J'ai eu l'occasion d'étudier le projet de loi et, à mon avis, il s'agit d'une tentative d'établir un équilibre avec les besoins pertinents des militaires qui sont nécessaires au maintien de leur capacité de combat et de leur efficacité. N'oubliez pas que même lorsque les militaires participent à des opérations de maintien de la paix, ils sont en mesure de le faire parce qu'ils constituent une force de combat. Il s'agit d'un équilibre entre les besoins des militaires pour le maintien de leur efficacité en tant que force de combat, un équilibre où l'on tente — autant que possible — d'offrir aux militaires, des gens qui font un formidable sacrifice pour nous, le plus de protection et de liberté possible correspondant au besoin de maintenir une force de combat.
Monsieur le président, c'était ma déclaration préliminaire. Comme je l'ai indiqué au début, c'est avec plaisir que je répondrai plus tard à vos questions ou à celles de tout membre du comité.
:
Merci, monsieur le président.
[Français]
Monsieur le président, honorables membres, bon après-midi.
Je suis heureux d'être ici pour répondre à vos questions sur le rôle du Comité des griefs des Forces canadiennes relativement au processus des griefs militaires, étant donné que certains des éléments du projet de loi nous touchent directement.
Permettez-moi tout d'abord de vous donner un aperçu du comité.

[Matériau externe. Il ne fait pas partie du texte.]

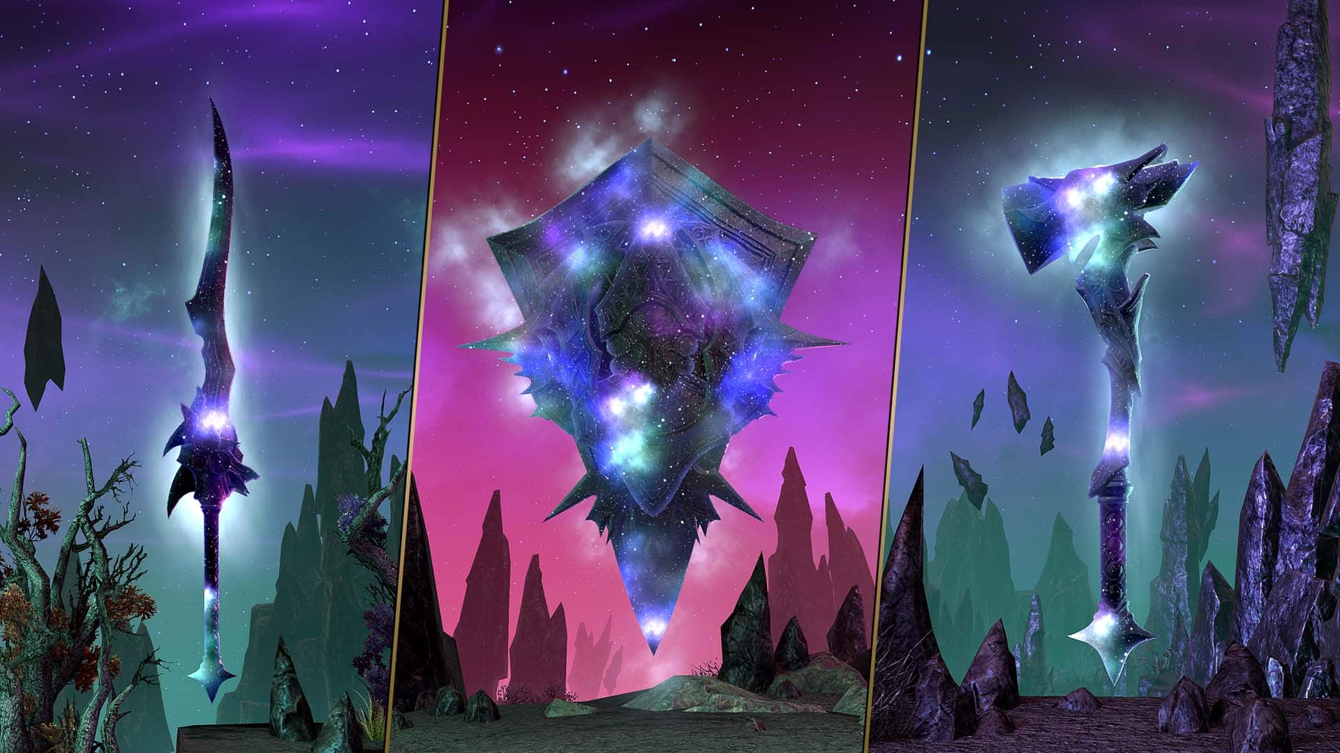 セレスティアルへの崇拝を、星の力を反映した武器を装備して示そう! このスタイルの完全なセットを使って、武器の外見をエセリウスの拘束衣装スタイルに合致するよう変更する。

Le Comité des griefs des Forces canadiennes a entamé ses activités en juin 2000. C'est un tribunal quasi judiciaire indépendant du ministère de la Défense nationale et des Forces canadiennes. En fait, le comité représente la seule composante externe du processus de règlement des griefs des Forces canadiennes.
Depuis sa création, le comité a fait la preuve de son excellence en matière d'analyse et de résolution des griefs militaires. Il a développé une vaste expertise sur une multitude de sujets liés à l'administration des affaires des Forces canadiennes. En plus de l'examen des griefs individuels, notre travail nous permet également de déceler certaines tendances plus générales et des domaines de mécontentement que nous pouvons par la suite relayer aux officiers et cadres supérieurs des Forces canadiennes.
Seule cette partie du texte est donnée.